Assimilation of GPS-Derived Atmospheric Propagation Delay in DInSAR Data Processing

Microwave radiation is almost insensitive in terms of power attenuation to the presence of atmosphere; the atmosphere is however an error source in repeat pass interferometry due to propagation delay variations. This effect represents a main limitation in the detection and monitoring of weak deformation patterns in differential interferometric Synthetic Aperture Radar (DInSAR), especially in emergency conditions. Due to the wavelength reduction current, X-Band sensors are even more sensitive to such error sources: procedures adopted in classical advanced DInSAR for atmospheric filtering may fail in the presence of higher revisiting rates. In this work, we show such effect on data acquired by the COSMO-SkyMed constellation. The dataset has been acquired with very high revisiting rates during the emergency phase.
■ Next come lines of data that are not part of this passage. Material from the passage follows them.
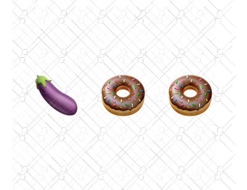 Front Design: An eggplant. A donut. Another donut. No explanation needed. (And none given.)
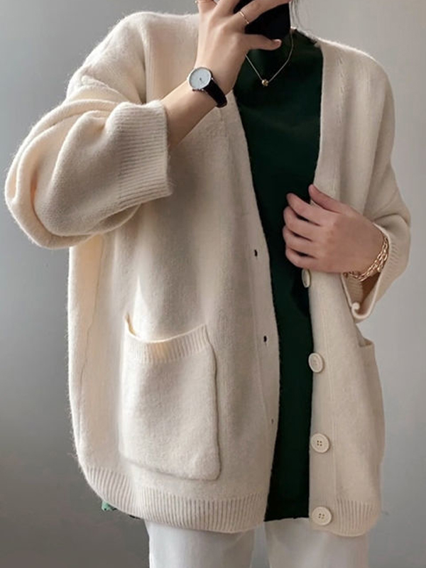 Solid V Neck Breasted Knit Cardigan
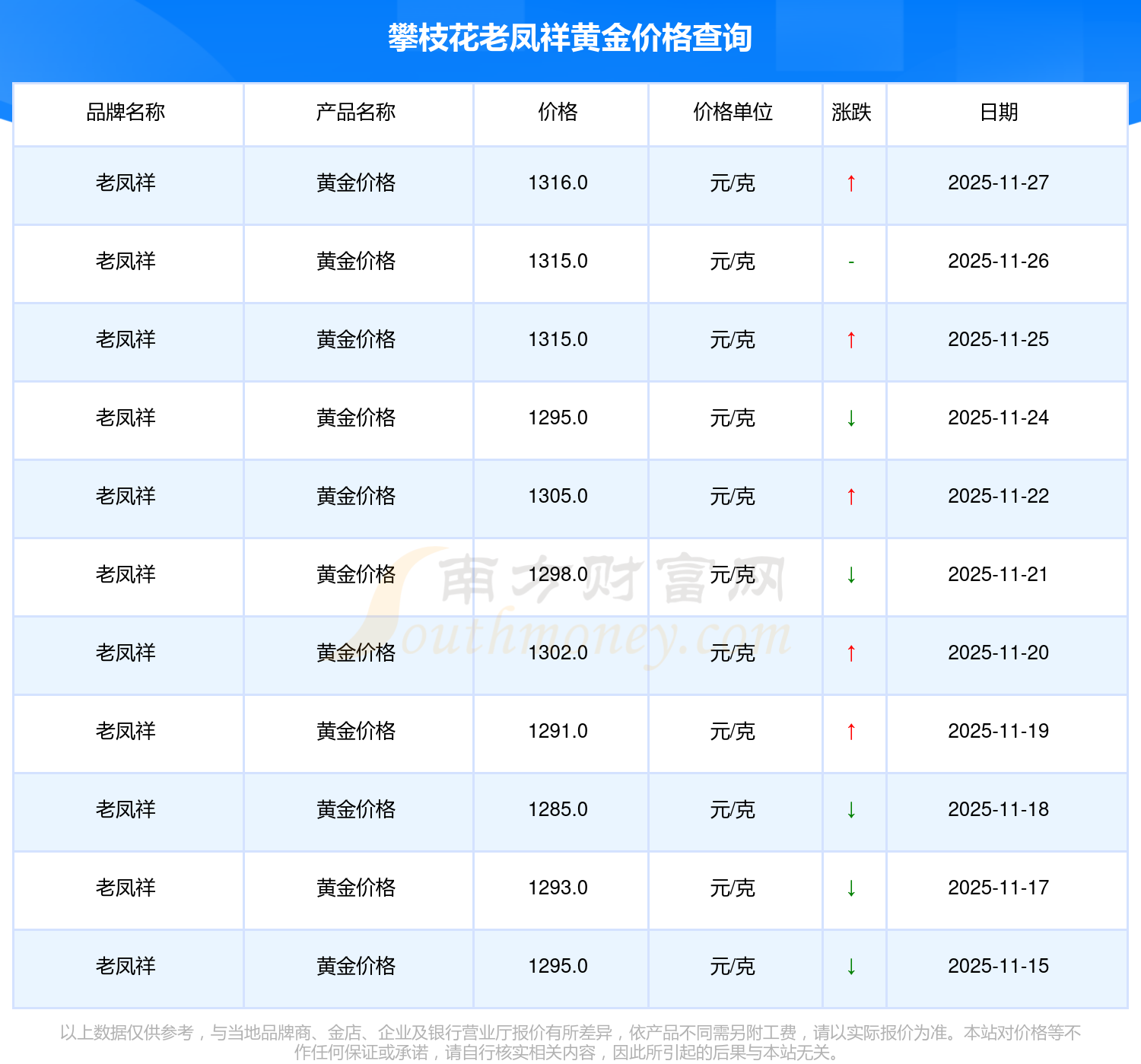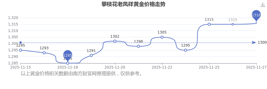 今日(2025年11月27日)攀枝花老鳳祥黃金價(jià)格最新價(jià)格為1316.0元/克。

This feature allows clearly showing the inability of standard filtering adopted in common processing chains in handling seasonal atmospheric delay variations over temporal intervals spanning periods shorter than 1 year. We discuss a procedure for the mitigation of atmospheric propagation delay (APD) that is based on the integration of data of GPS systems which carries out measurements with large observation angles diversity practically in continuous time. The proposed algorithm allows a robust assimilation of the GPS atmospheric delay measurements in the multipass DInSAR processing and found on a linear approximation with the height of the atmospheric delay corresponding to a stratified atmosphere. Achieved results show a significant mitigation of the seasonal atmospheric variations.